MATERIAL PROVIDED.
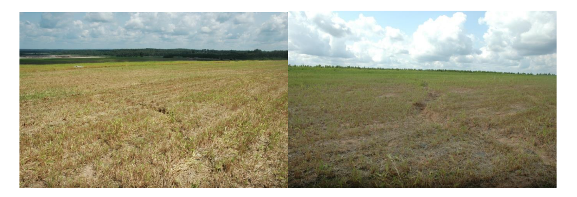
Figure 17. Browntop millet fertilized with was too competitive for switchgrass seedlings. It was clipped in July and formed a suppressive mat that provided good erosion control (left). Erosion gully in newly planted switchgrass and browntop millet on 24 July 2009 (right) same gully as in Fig. 13 left.
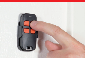
One wall holder is supplied as standard
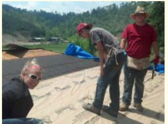
ASP Kentucky 2012

TASK DESCRIPTION. Reproduce the listing above exactly, excluding all pictures.

WRITTEN ANSWER.
Figure 17. Browntop millet fertilized with was too competitive for switchgrass seedlings. It was clipped in July and formed a suppressive mat that provided good erosion control (left). Erosion gully in newly planted switchgrass and browntop millet on 24 July 2009 (right) same gully as in Fig. 13 left.
One wall holder is supplied as standard
ASP Kentucky 2012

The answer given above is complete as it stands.